Ik heb dit recept zelf toegepast door 1 a 2x per week zware krachttraining te
combineren (bij een drempel van 3.33 per km) met vele tempo’s op 3.45-4.15 (50
km/week in dit gebied, daarnaast 50 km/week nog wat rustiger). En na 3 maanden van
deze training slechts enkele drempeltempo’s (6x1000 3.33) schoot deze naar 3.27.
HARDE TEMPO’s: hierdoor wordt het vermogen lactaat aan te maken vergroot.
Bijvoorbeeld 3x500 met 6 minuten pauze.
Wedstrijden. Hierbij loop je gegarandeerd tegen je zwakke punt op en als je elke week
1 wedstrijd doet heb je kans dat je het zwakke punt voldoende versterkt. Dit is een
van de zekerheden in de methode Verheul. Maar is mogelijk niet voldoende.
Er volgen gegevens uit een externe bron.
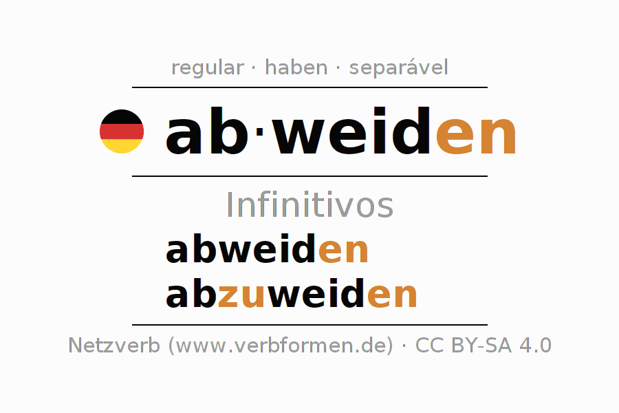A conjugação do verbo abweiden no Ativo Infinitivo Presente Perfeito forma básica é: abweiden, abzuweiden.A formação dessas formas segue determinadas regras gramaticais. Os requisitos para a conjugação do verbo como forma verbal simples no abweiden do Infinitivo. Comentários ☆

Het
nadeel is dat je week na week een zware inspanning op de drempel (of harder) doet
wat op den duur leidt tot stagnatie.
Minder belasten van het anaerobe systeem: als je het glycolyse-systeem weinig belast
(geen harde trainingen, niet te hoog tempo) dan kan dit systeem op den duur minder
energie leveren. Als je dit systeem in slaap sust, en veel meer rustige tempi gaat doen,
wordt meer en meer het aerobe systeem belast. Je spiercellen ‘kunnen niet meer met
glycolyse voldoen’ aan de energievraag en MOET wel meer vetten en pyruvaat aeroob
verbranden. Dus: wil je beter op de marathon t/m 3 kilometer worden, doe dan GEEN
HARDE tempo’s.
Zwaar belasten van het anaerobe systeem: als je het bovenstaande hebt gedaan: veel
aerobe trainingen en dat systeem tot het maximale hebt ontwikkeld, DAN HARDE
TEMPO’s. Je jaagt de energie-aanmaak aan, erop vertrouwend dat het geproduceerde
pyruvaat toch wel snel wordt verbrand. En zodoende heb je het beste van beiden: EN
goede aerobe verbranding EN veel energieaanmaak, veel lactaatverwijdering, en is je
prestatie het hoogst. (in feite beschrijf ik hier een seizoensopbouw met veel duurwerk
en daarna geleidelijk meer snelheidswerk).
Geen verbetering
Het probleem van “verbetering NUL” speelt overal. Wereldtoppers lopen vaak jaren
achtereen dezelfde tijden. Bekele moet weer een heel jaar opbouwen en trainen om
precies even hoog te komen als hij al is geweest. Maase liep 3 jaar geleden zijn
marathon PR en is ondanks verwoede pogingen niet weer in de buurt geweest. Terwijl
hij optimaal traint. En kijk naar jezelf, is je PR nog vers of is het al weer een jaar oud.
En je hebt toch heel veel getraind, waarom lukt het niet verder te komen.